----- Records supplied

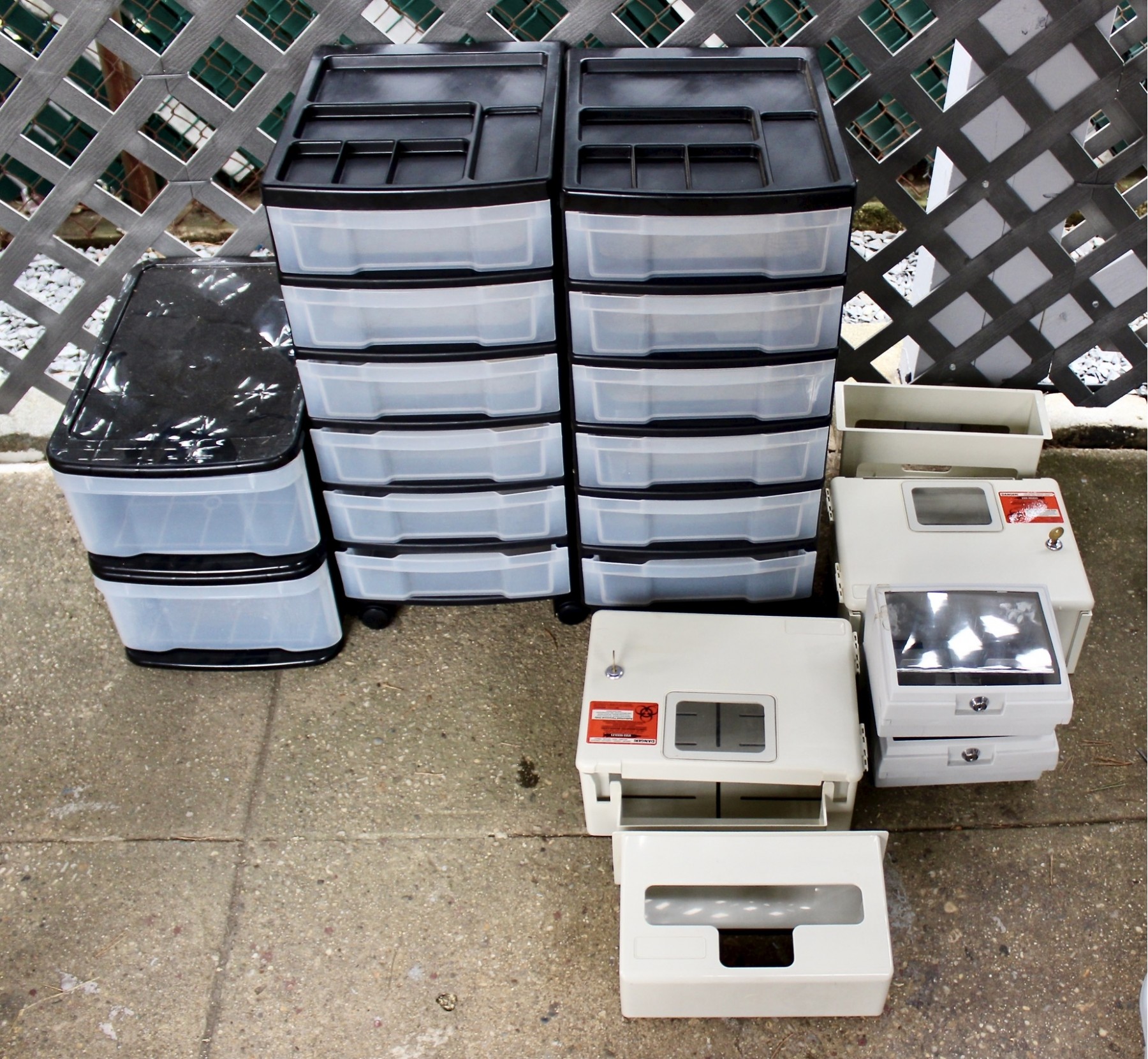 MIXED LOT Of Plastic Rolling Storage Bins & Sharps Containers W/ Keys - LOT OF 8!!
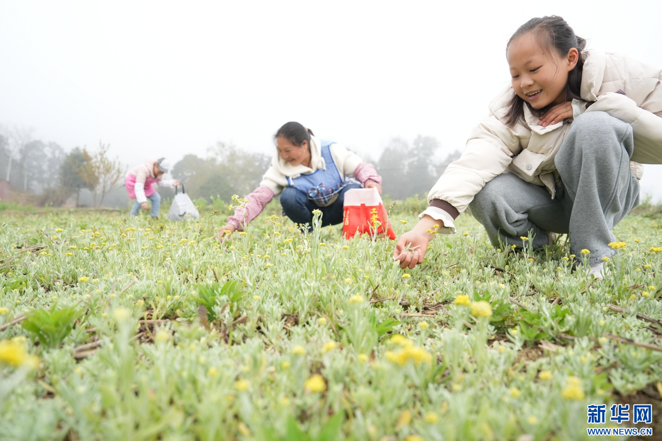 2月28日,在云南省水富市永安村,村民在田间采摘火草。新华网发(狄廷秀 摄)
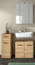 Details: Badmöbel Set Cover GE70155-20 Badkombination 3-teilig Front MDF Artisan Eiche tiefgezogen, ohne Umleimerkanten Korpus Artisan Eiche Melamin Gesamtmaß B/H/T ca.: 105/185/30 cm bei 15 cm Typenabstand bestehend aus: Badkommode B/H/T ca.: 30/80/30 cm 1 Schubkasten mit Vollauszug 1 Tür 1 Einlegeboden / 2 geschlossene Fächer Tür links oder rechts zu befestigen Spiegelschrank B/H/T ca.: 60/70/18 cm 3 Spiegeltüren 4 Einlegeböden / 6 geschlossene Fächer 2 breite Einlegeböden / 3 geschlossene Fächer Tür mittig links oder rechts zu befestigen Waschbeckenunterschrank B/H/T ca.: 60/54/30 cm 2 Türen 1 breiter Einlegeboden / 2 geschlossene Fächer Siphonausschnitt T/B ca. 240/70 mm LED Spiegellampe bitte dazu bestellen LED Spiegellampe mit Steckdose dazu bestellen: LED-Beleuchtung Set 1: 6,0 Watt / 400 Lumen, Kelvin 5000 IP44, Spritzwassergeschützt mit Steckdose und Schalter (Multibox) im Schrank inkl. Zuleitung und Befestigungsmaterial Qualität: Moderne Badkombination in elegantem Design Front in stabilem MDF Artisan Eiche, tiefgezogen, dadurch keine Umleimerkanten und besserer Schutz gegen Feuchtigkeit Korpus mit strapazierfähiger Melaminbeschichtung Kommodentür kann links oder rechts öffnend befestigt werden, dadurch auch spiegelverkehrt oder einzeln stellbar Trapezförmige Griffleisten in schwarz Einlegeböden sind höhenverstellbar Metallscharniere und Metallschienen kugelgelagert FSC®-zertifizierter Holzwerkstoff, aus kontrolliert nachhaltiger Forstwirtschaft Viel Stauraum bei wenig Platzbedarf Pflegeleicht durch glatte Oberflächen, einfach feucht abwischen Das Badmöbelprogramm Cover bietet eine Vielzahl von Einzelmöbeln mit verschiedenen Stell- und Kombinationsmöglichkeiten LED Spiegellampe bitte dazu bestellen Lieferumfang: Zerlegt/Selbstmontage, inkl. bebilderte Aufbauanleitung Montage- und Befestigungsmaterial Dekoration, Beimöbel, Elektrogeräte,Waschbecken und Armaturen sind nicht enthalten Energieeffizienz optionale LED-Beleuchtung: Die Skala der Energieeffizienz reicht von G für geringste, bis A für höchste Effizienz Auf dieser Skala hat die LED-Beleuchtung den Wert G Ein Austausch der LED-Lampen in der Leuchte ist nicht möglich Hersteller Art.-Nummer XN-XZBSBB01
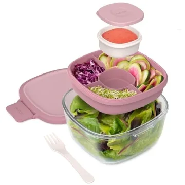 Show moreDiscover the Bentgo Glass All-in-One Salad Container—the perfect blend of convenience and style for salad lovers and meal prep enthusiasts alike! Boasting a generous capacity of 61 ounces, this salad bowl is constructed from durable, BPA-free tempered glass, ensuring that your meals remain fresh and delicious, whether it’s a hearty salad or a warm meal. The unique design features an air-tight stackable construction, making it ideal for those constantly on the go. Say goodbye to soggy greens and messy food bags; with the Bentgo glass salad container, you can prepare your salads the night before and have them ready for a satisfying lunch the next day.
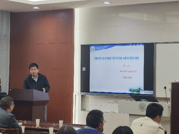 第二位报告人汪快兵副教授作了题为“基于金属有机框架(MOFs)的超级电容器” 的汇报,他介绍了在新加坡国立大学访学期间关于超级电容器的研究工作,阐述了MOFs材料的相关内容,并展开讨论了今后他的研究方向。之后,他介绍了在德赢官网Vwin吴华教授团队进行开展的一系列合作研究,最后他也提及出任学术期刊Frontiers of Chemistry专题编辑,邀请各位老师积极投稿。
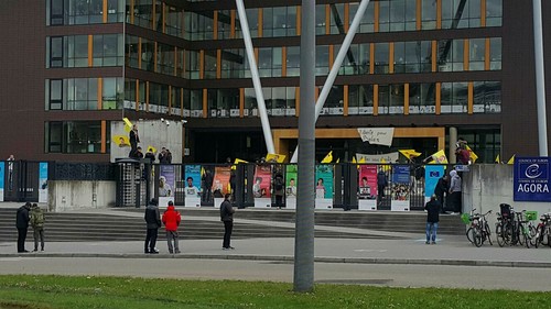 The supporters, who broke some of the building's windows, were removed by police. Employees at the building were moved to other floors under security measures.
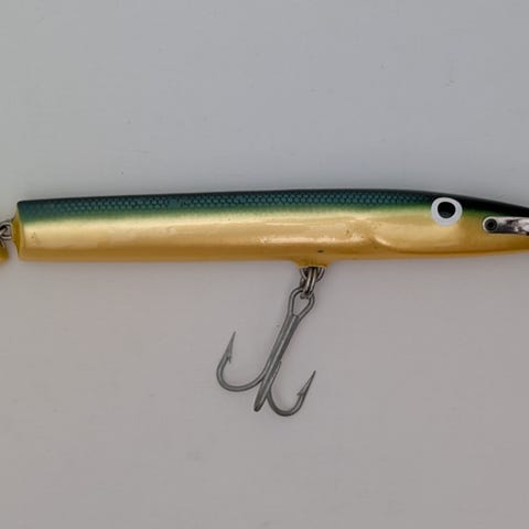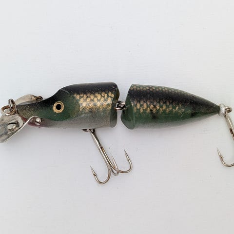Säljer en klassisk ledad vintage-wobbler i det populära färgmönstret "Red Head". Draget är tillverkat i formgjuten plast och fronten är utrustad med en rejäl metallsked stämplad med "JET", vilket tyder på att det är en äldre modell från 1960- eller 70-talet. Ett trevligt och tidstypiskt bete med fin patina som fungerar utmärkt för retro-fisket efter gädda eller som dekoration i samlingen.
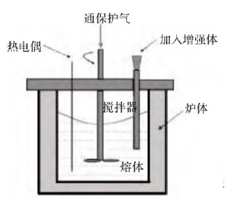 機械攪拌法是在攪拌的過程中將增強體顆粒加入到基體金屬液中,利用高速旋轉(zhuǎn)的攪拌裝置使增強體均勻混合入基體金屬液之中,然后澆入模具中得到想要的鑄件。其生產(chǎn)設(shè)備見圖2所示。機械攪拌法操作過程較為簡單,成本低廉,不到其他加工工藝的一半,是可以廣泛應(yīng)用的方法,目前工業(yè)上制備復(fù)合材料大多數(shù)都是采用該方法。
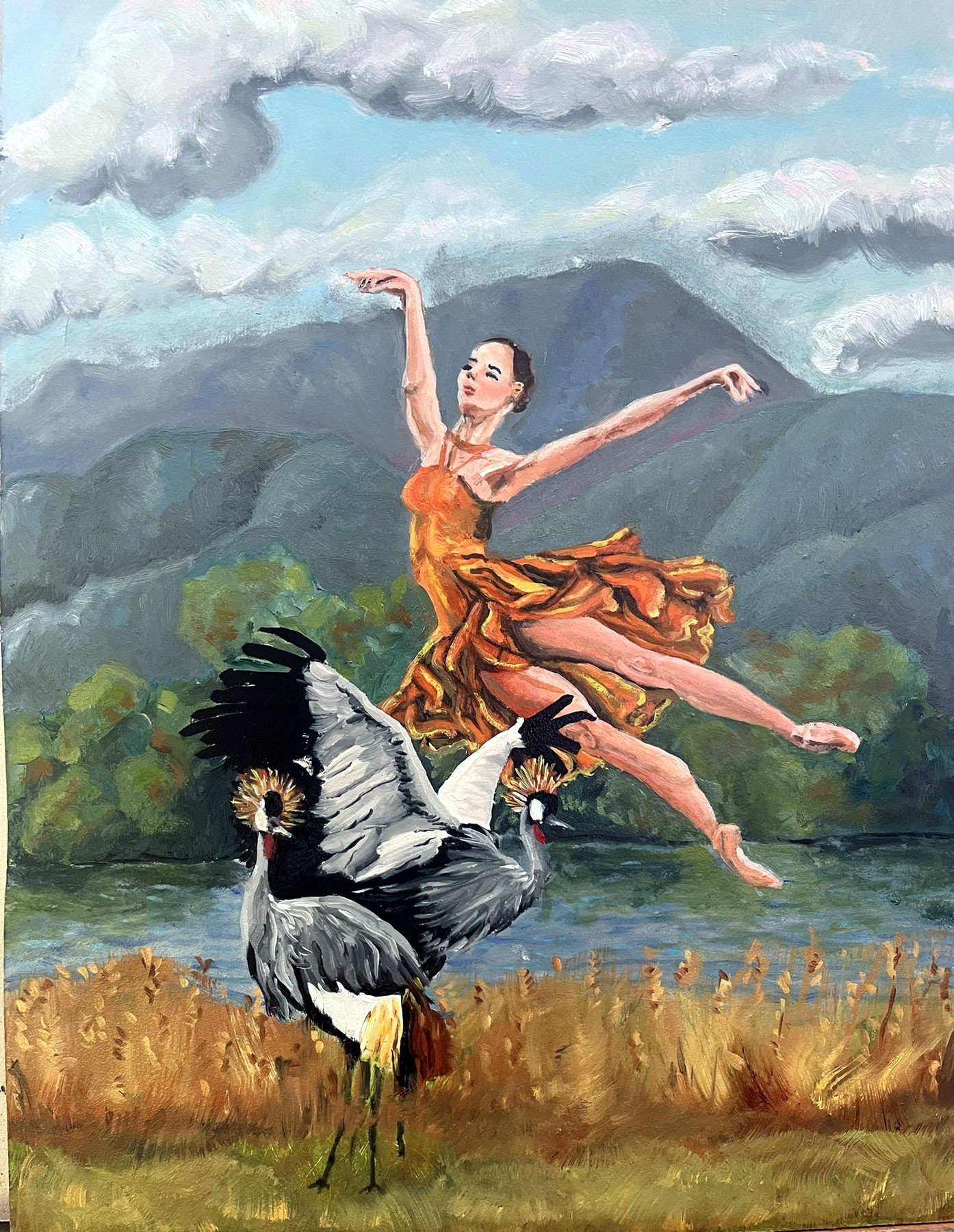 12 X 16 oil on board. This is part of the Birds and Ballerinas Series inspired by the similarities in the joyful dance moves between the species. Crane Ballet, Jump presents a ballerina frozen mid-leap, her orange dress billowing above a lakeshore while two crowned cranes echo her motion at the water’s edge. Warm, energetic tones of the dancer contrast with the cool blues and greens of distant mountains and reflective water, producing a striking visual balance. Expressive brushwork and attention to plumage and fabric detail guide the eye through a rhythmic exchange between human form and nature. Soft clouds and layered ridgelines add a calm sense of depth, making this an elegant, uplifting piece—an ideal choice to bring movement and refined presence to your living room, studio, or office.

----------

Drop the pictures; repeat the listing above exactly.

 MIXED LOT Of Plastic Rolling Storage Bins & Sharps Containers W/ Keys - LOT OF 8!!
 2月28日,在云南省水富市永安村,村民在田间采摘火草。新华网发(狄廷秀 摄)
 Details: Badmöbel Set Cover GE70155-20 Badkombination 3-teilig Front MDF Artisan Eiche tiefgezogen, ohne Umleimerkanten Korpus Artisan Eiche Melamin Gesamtmaß B/H/T ca.: 105/185/30 cm bei 15 cm Typenabstand bestehend aus: Badkommode B/H/T ca.: 30/80/30 cm 1 Schubkasten mit Vollauszug 1 Tür 1 Einlegeboden / 2 geschlossene Fächer Tür links oder rechts zu befestigen Spiegelschrank B/H/T ca.: 60/70/18 cm 3 Spiegeltüren 4 Einlegeböden / 6 geschlossene Fächer 2 breite Einlegeböden / 3 geschlossene Fächer Tür mittig links oder rechts zu befestigen Waschbeckenunterschrank B/H/T ca.: 60/54/30 cm 2 Türen 1 breiter Einlegeboden / 2 geschlossene Fächer Siphonausschnitt T/B ca. 240/70 mm LED Spiegellampe bitte dazu bestellen LED Spiegellampe mit Steckdose dazu bestellen: LED-Beleuchtung Set 1: 6,0 Watt / 400 Lumen, Kelvin 5000 IP44, Spritzwassergeschützt mit Steckdose und Schalter (Multibox) im Schrank inkl. Zuleitung und Befestigungsmaterial Qualität: Moderne Badkombination in elegantem Design Front in stabilem MDF Artisan Eiche, tiefgezogen, dadurch keine Umleimerkanten und besserer Schutz gegen Feuchtigkeit Korpus mit strapazierfähiger Melaminbeschichtung Kommodentür kann links oder rechts öffnend befestigt werden, dadurch auch spiegelverkehrt oder einzeln stellbar Trapezförmige Griffleisten in schwarz Einlegeböden sind höhenverstellbar Metallscharniere und Metallschienen kugelgelagert FSC®-zertifizierter Holzwerkstoff, aus kontrolliert nachhaltiger Forstwirtschaft Viel Stauraum bei wenig Platzbedarf Pflegeleicht durch glatte Oberflächen, einfach feucht abwischen Das Badmöbelprogramm Cover bietet eine Vielzahl von Einzelmöbeln mit verschiedenen Stell- und Kombinationsmöglichkeiten LED Spiegellampe bitte dazu bestellen Lieferumfang: Zerlegt/Selbstmontage, inkl. bebilderte Aufbauanleitung Montage- und Befestigungsmaterial Dekoration, Beimöbel, Elektrogeräte,Waschbecken und Armaturen sind nicht enthalten Energieeffizienz optionale LED-Beleuchtung: Die Skala der Energieeffizienz reicht von G für geringste, bis A für höchste Effizienz Auf dieser Skala hat die LED-Beleuchtung den Wert G Ein Austausch der LED-Lampen in der Leuchte ist nicht möglich Hersteller Art.-Nummer XN-XZBSBB01
 Show moreDiscover the Bentgo Glass All-in-One Salad Container—the perfect blend of convenience and style for salad lovers and meal prep enthusiasts alike! Boasting a generous capacity of 61 ounces, this salad bowl is constructed from durable, BPA-free tempered glass, ensuring that your meals remain fresh and delicious, whether it’s a hearty salad or a warm meal. The unique design features an air-tight stackable construction, making it ideal for those constantly on the go. Say goodbye to soggy greens and messy food bags; with the Bentgo glass salad container, you can prepare your salads the night before and have them ready for a satisfying lunch the next day.
 第二位报告人汪快兵副教授作了题为“基于金属有机框架(MOFs)的超级电容器” 的汇报,他介绍了在新加坡国立大学访学期间关于超级电容器的研究工作,阐述了MOFs材料的相关内容,并展开讨论了今后他的研究方向。之后,他介绍了在德赢官网Vwin吴华教授团队进行开展的一系列合作研究,最后他也提及出任学术期刊Frontiers of Chemistry专题编辑,邀请各位老师积极投稿。
 The supporters, who broke some of the building's windows, were removed by police. Employees at the building were moved to other floors under security measures.
Säljer en klassisk ledad vintage-wobbler i det populära färgmönstret "Red Head". Draget är tillverkat i formgjuten plast och fronten är utrustad med en rejäl metallsked stämplad med "JET", vilket tyder på att det är en äldre modell från 1960- eller 70-talet. Ett trevligt och tidstypiskt bete med fin patina som fungerar utmärkt för retro-fisket efter gädda eller som dekoration i samlingen.
 機械攪拌法是在攪拌的過程中將增強體顆粒加入到基體金屬液中,利用高速旋轉(zhuǎn)的攪拌裝置使增強體均勻混合入基體金屬液之中,然后澆入模具中得到想要的鑄件。其生產(chǎn)設(shè)備見圖2所示。機械攪拌法操作過程較為簡單,成本低廉,不到其他加工工藝的一半,是可以廣泛應(yīng)用的方法,目前工業(yè)上制備復(fù)合材料大多數(shù)都是采用該方法。
 12 X 16 oil on board. This is part of the Birds and Ballerinas Series inspired by the similarities in the joyful dance moves between the species. Crane Ballet, Jump presents a ballerina frozen mid-leap, her orange dress billowing above a lakeshore while two crowned cranes echo her motion at the water’s edge. Warm, energetic tones of the dancer contrast with the cool blues and greens of distant mountains and reflective water, producing a striking visual balance. Expressive brushwork and attention to plumage and fabric detail guide the eye through a rhythmic exchange between human form and nature. Soft clouds and layered ridgelines add a calm sense of depth, making this an elegant, uplifting piece—an ideal choice to bring movement and refined presence to your living room, studio, or office.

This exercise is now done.